L’annonce du président de la République d’accueillir d’ici 2019, 10 000 personnes au titre de la réinstallation est un signal positif alors que le monde est toujours marqué par une crise de l’accueil des réfugiés. Amnesty International France demande toutefois des précisions sur cet engagement, alors que les promesses d’accueil du gouvernement précédent n’ont été que partiellement honorées.

« Développer des voies légales et sûres pour que des personnes vulnérables puissent se mettre à l’abri sans risquer leur vie, ni la remettre entre les mains de trafiquants ou de criminels, constitue indéniablement l’une des solutions pour résoudre la crise que traverse le monde actuellement avec plus de 22 millions de réfugiés », déclare Jean-François Dubost, responsable du programme Protection des populations à Amnesty International France. 

Cette annonce doit toutefois être précisée pour mieux connaître la nature exacte de l’engagement français. « Le gouvernement doit rapidement clarifier si cette nouvelle promesse s’ajoute aux engagements déjà pris par la France, ou les reprend en partie. Dans ce cas, l’annonce du Président s’avérerait décevante », souligne Jean-François Dubost.

Selon les informations recueillies par Amnesty International France, plus de 3 000 personnes précédemment identifiées pour la réinstallation en France seraient toujours en attente de leur transfert. Ce retard semble être essentiellement dû à des questions d’organisation administrative.

 « Il est désormais temps pour la France de se doter d’un dispositif d’accueil qui, à la fois anticipe au maximum les besoins et organise, au plus près du terrain, l’accueil rapide et concret de ces personnes par les citoyens, les communes, les organisations non gouvernementales en lien avec tous les services de l’Etat concernés. Nous attendons beaucoup désormais de la délégation interministérielle aux réfugiés et à leur intégration annoncée au début de l’été par le Premier ministre. »

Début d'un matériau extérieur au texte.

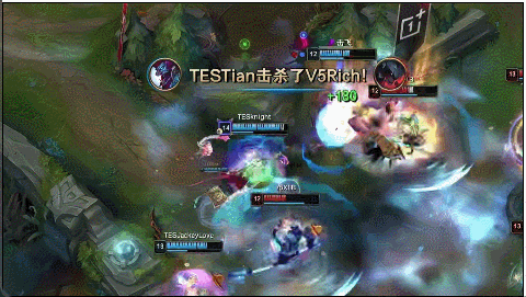 V5是成功拿下了下路的一血塔,TES则是中野配合试图越塔下路的Rookie,但V5马上支援,剑魔TP,Knight妖姬进场被Rookie的E躲掉技能,后撤过程中被V5剑魔留住,V5砍瓜切菜打出了0换3,一波建立了巨大的优势。

Par ailleurs, Amnesty International France s’inquiète du lien qu’opère le président de la République entre d’un côté l’accueil des réfugiés depuis le Niger et le Tchad et de l’autre l’objectif de « prévenir un afflux de migrants économiques non éligibles au droit d’asile ».

« La protection des réfugiés et le recours à la réinstallation ne doivent pas devenir un prétexte pour déployer une politique de contrôle des migrations avec des pays tiers, qui pourrait entraîner des atteintes aux droits des personnes migrantes », affirme Jean-François Dubost.